--- START ---

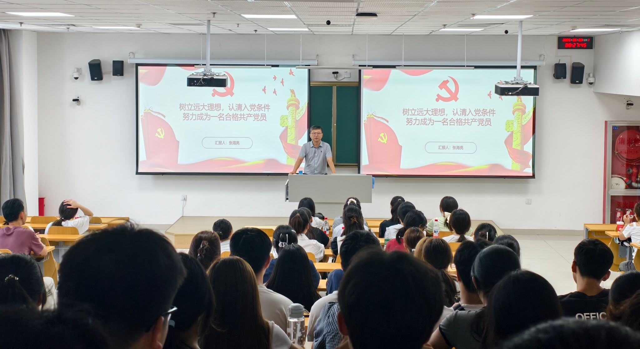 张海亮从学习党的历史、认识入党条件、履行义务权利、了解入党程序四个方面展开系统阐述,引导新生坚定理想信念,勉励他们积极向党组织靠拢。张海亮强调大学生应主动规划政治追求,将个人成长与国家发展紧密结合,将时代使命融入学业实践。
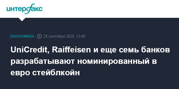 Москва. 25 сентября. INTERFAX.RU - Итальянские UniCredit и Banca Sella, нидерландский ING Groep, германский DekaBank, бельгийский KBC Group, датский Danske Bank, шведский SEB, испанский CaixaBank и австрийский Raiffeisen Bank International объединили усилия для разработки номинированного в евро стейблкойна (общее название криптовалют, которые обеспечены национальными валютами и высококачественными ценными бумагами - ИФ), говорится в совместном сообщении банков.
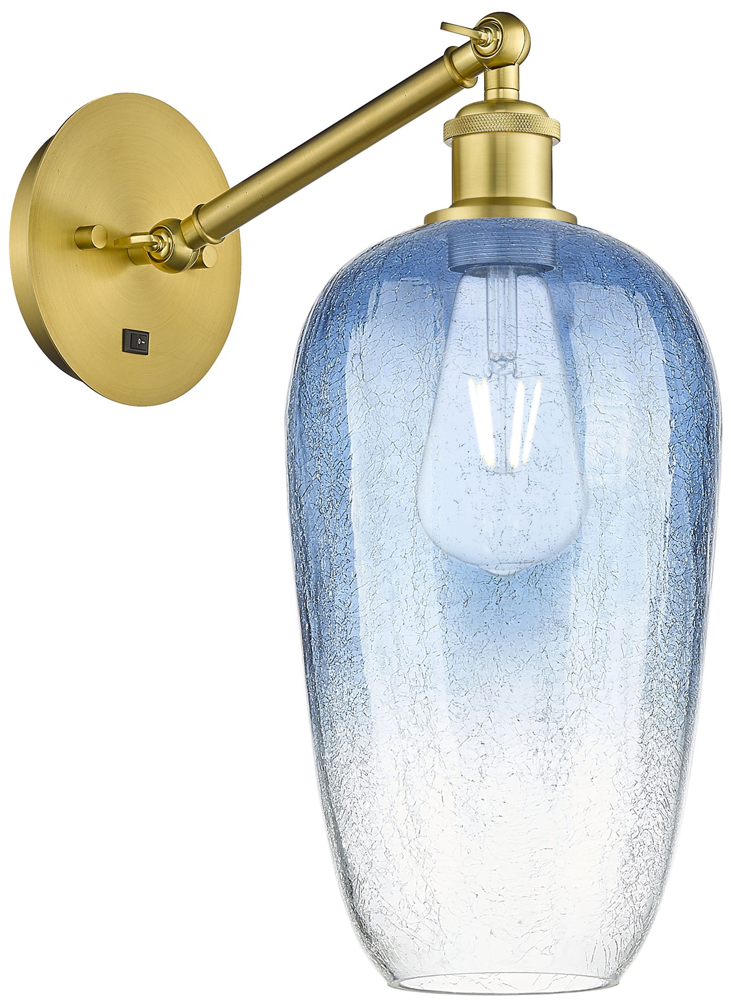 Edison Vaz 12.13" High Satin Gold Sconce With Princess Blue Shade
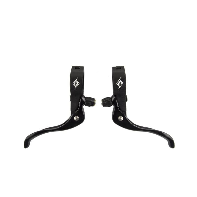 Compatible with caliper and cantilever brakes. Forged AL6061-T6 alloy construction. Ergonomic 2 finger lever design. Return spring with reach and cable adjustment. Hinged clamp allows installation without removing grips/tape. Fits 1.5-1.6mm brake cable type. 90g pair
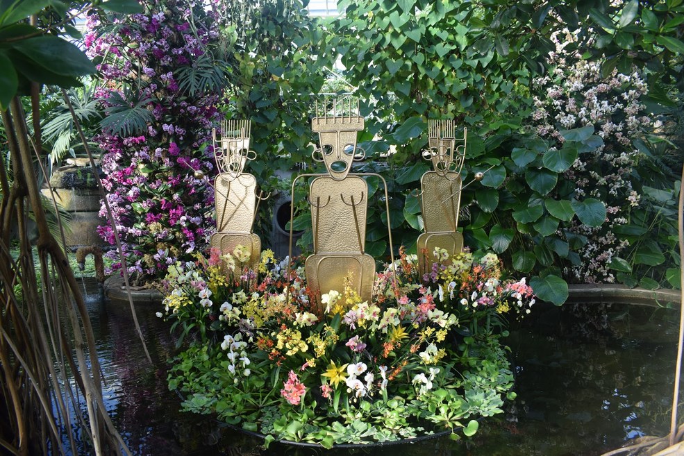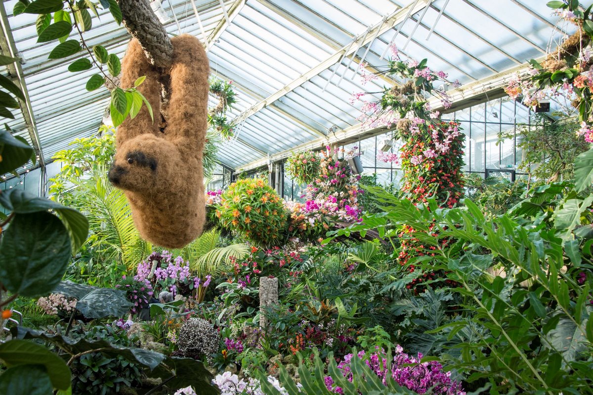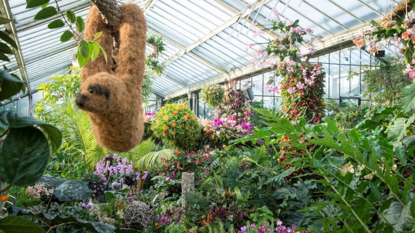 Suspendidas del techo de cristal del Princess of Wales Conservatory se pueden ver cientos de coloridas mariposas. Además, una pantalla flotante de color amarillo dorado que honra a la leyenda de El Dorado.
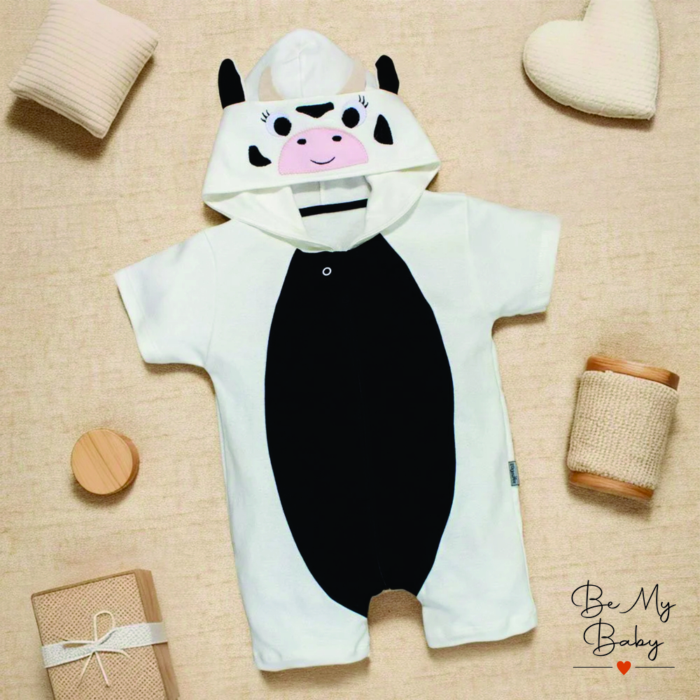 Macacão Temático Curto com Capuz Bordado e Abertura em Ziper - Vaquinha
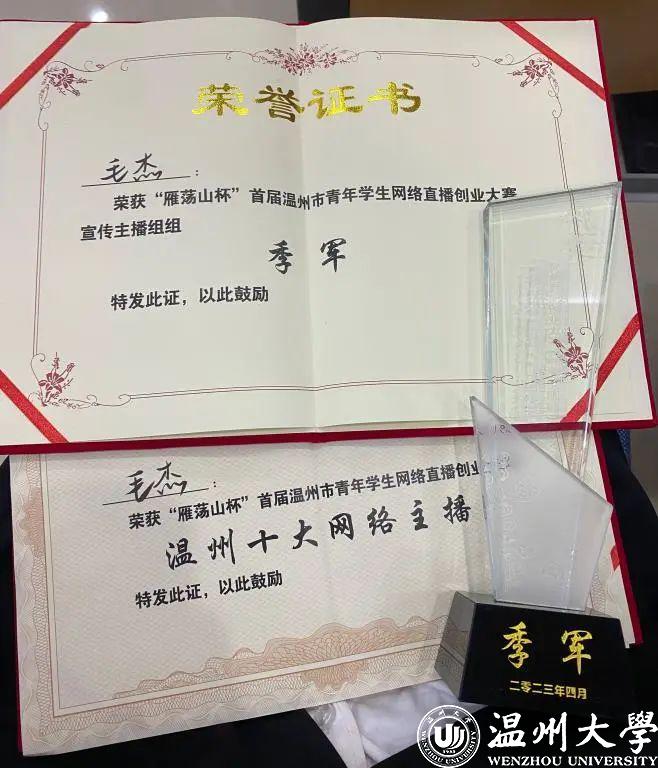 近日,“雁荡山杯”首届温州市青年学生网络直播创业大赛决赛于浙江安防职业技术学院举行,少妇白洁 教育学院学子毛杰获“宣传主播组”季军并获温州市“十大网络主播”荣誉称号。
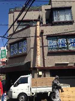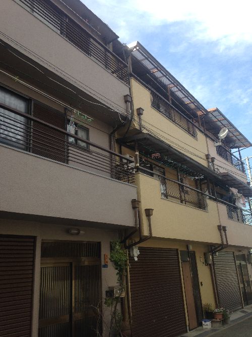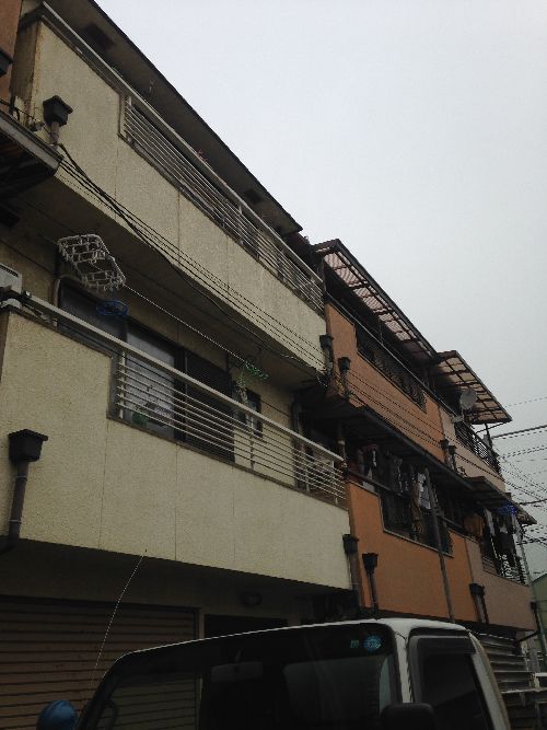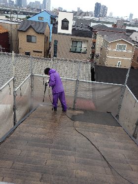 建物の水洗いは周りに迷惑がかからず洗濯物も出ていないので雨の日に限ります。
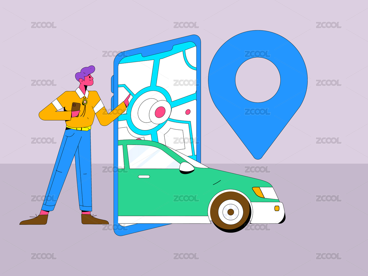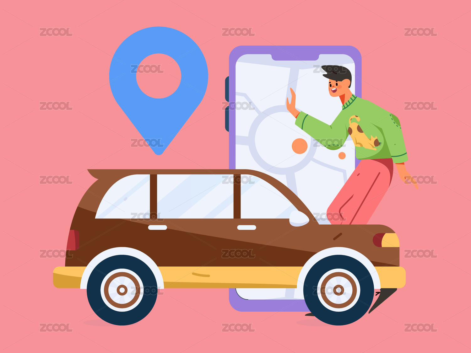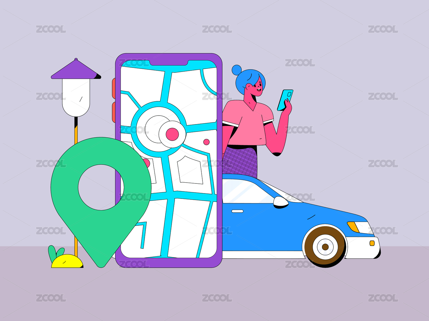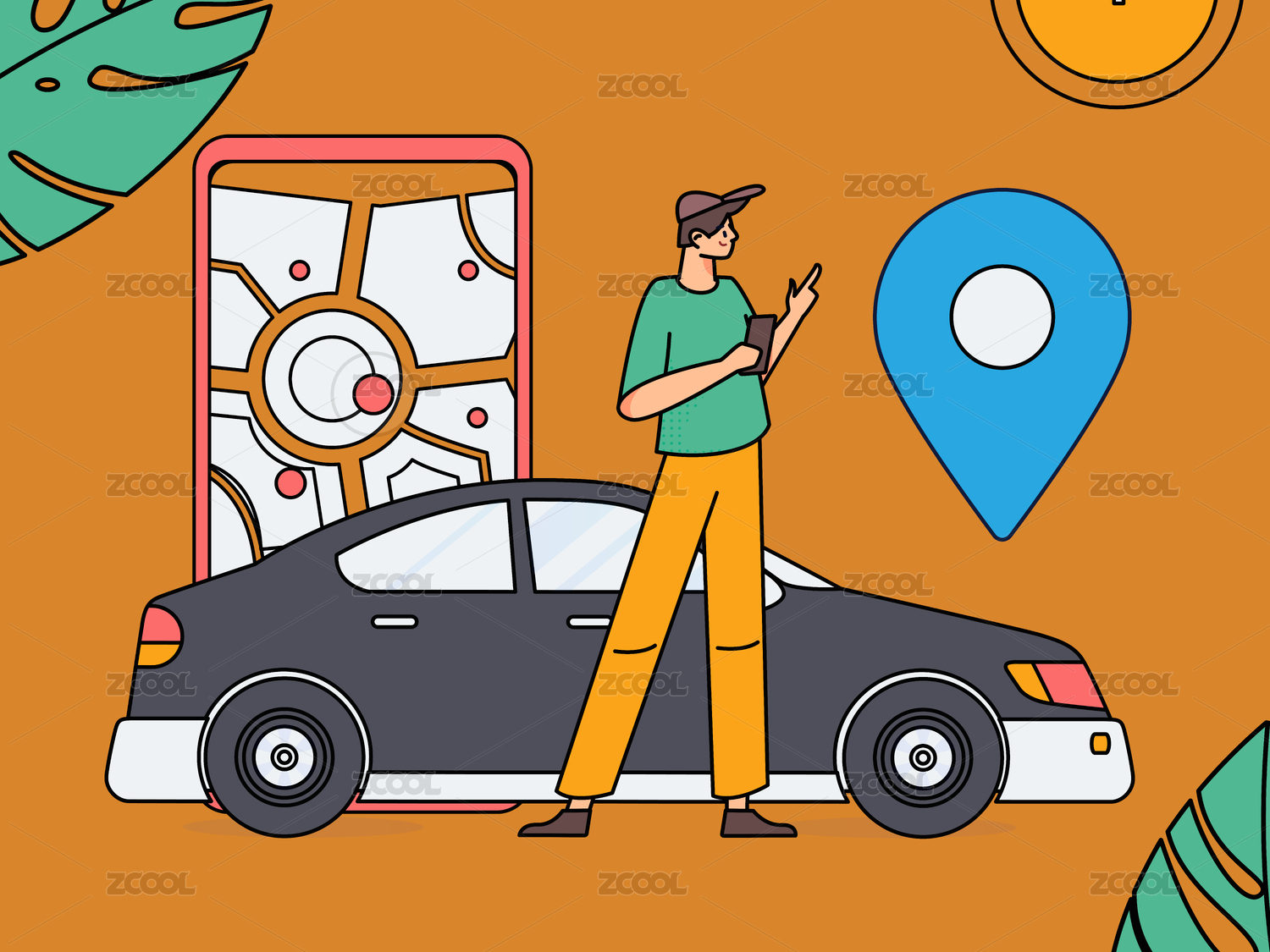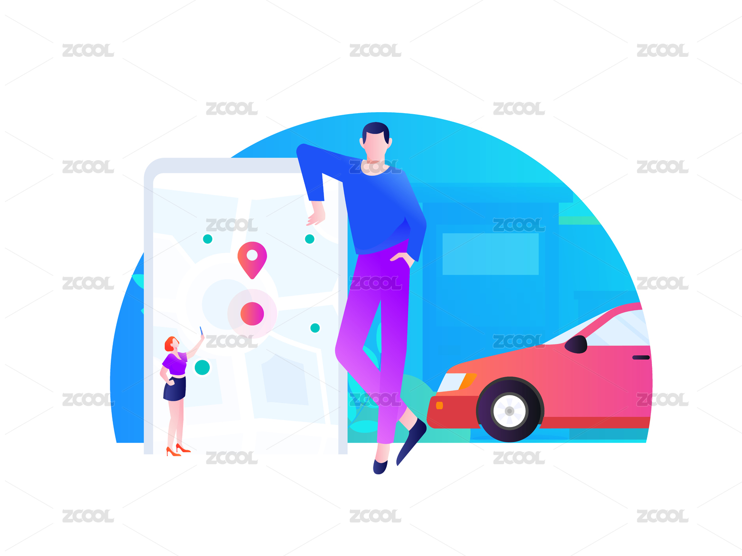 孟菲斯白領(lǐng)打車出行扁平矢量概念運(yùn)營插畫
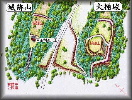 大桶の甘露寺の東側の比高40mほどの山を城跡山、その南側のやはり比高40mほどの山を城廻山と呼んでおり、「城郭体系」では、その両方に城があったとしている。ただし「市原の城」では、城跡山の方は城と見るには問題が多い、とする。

--- END ---

Your task is to reproduce exactly the lines from the start of the data above through the line containing "Princess Blue Shade", leaving every picture out.

 张海亮从学习党的历史、认识入党条件、履行义务权利、了解入党程序四个方面展开系统阐述,引导新生坚定理想信念,勉励他们积极向党组织靠拢。张海亮强调大学生应主动规划政治追求,将个人成长与国家发展紧密结合,将时代使命融入学业实践。
 Москва. 25 сентября. INTERFAX.RU - Итальянские UniCredit и Banca Sella, нидерландский ING Groep, германский DekaBank, бельгийский KBC Group, датский Danske Bank, шведский SEB, испанский CaixaBank и австрийский Raiffeisen Bank International объединили усилия для разработки номинированного в евро стейблкойна (общее название криптовалют, которые обеспечены национальными валютами и высококачественными ценными бумагами - ИФ), говорится в совместном сообщении банков.
 Edison Vaz 12.13" High Satin Gold Sconce With Princess Blue Shade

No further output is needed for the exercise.